- Problem -
In the entries below, find the line with "陕西省宝鸡市陇县2022-2" and the line with "В данной версии"; copy them and every line between them exactly, but not the pictures.

- Information -
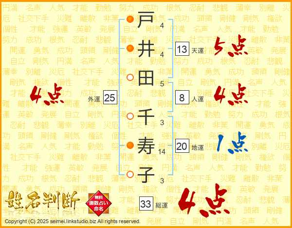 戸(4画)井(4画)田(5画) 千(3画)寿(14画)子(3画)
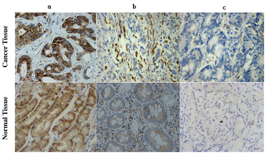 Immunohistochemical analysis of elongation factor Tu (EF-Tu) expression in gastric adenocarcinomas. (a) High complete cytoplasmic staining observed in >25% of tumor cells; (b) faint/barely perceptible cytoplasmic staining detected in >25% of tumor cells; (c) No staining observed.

--

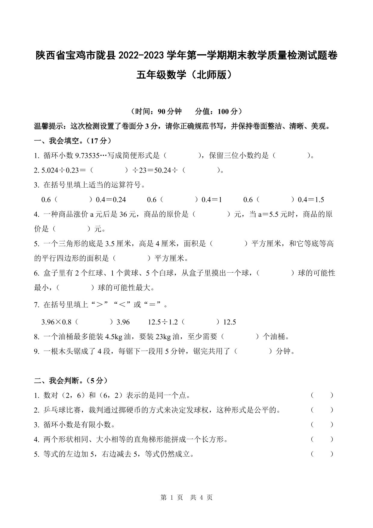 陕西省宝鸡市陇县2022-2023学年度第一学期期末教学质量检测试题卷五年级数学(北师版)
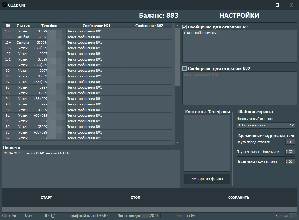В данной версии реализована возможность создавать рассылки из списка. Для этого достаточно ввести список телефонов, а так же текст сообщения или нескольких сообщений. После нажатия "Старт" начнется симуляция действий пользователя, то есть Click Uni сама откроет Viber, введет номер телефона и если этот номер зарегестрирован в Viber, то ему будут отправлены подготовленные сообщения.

- Response area -
 陕西省宝鸡市陇县2022-2023学年度第一学期期末教学质量检测试题卷五年级数学(北师版)
В данной версии реализована возможность создавать рассылки из списка. Для этого достаточно ввести список телефонов, а так же текст сообщения или нескольких сообщений. После нажатия "Старт" начнется симуляция действий пользователя, то есть Click Uni сама откроет Viber, введет номер телефона и если этот номер зарегестрирован в Viber, то ему будут отправлены подготовленные сообщения.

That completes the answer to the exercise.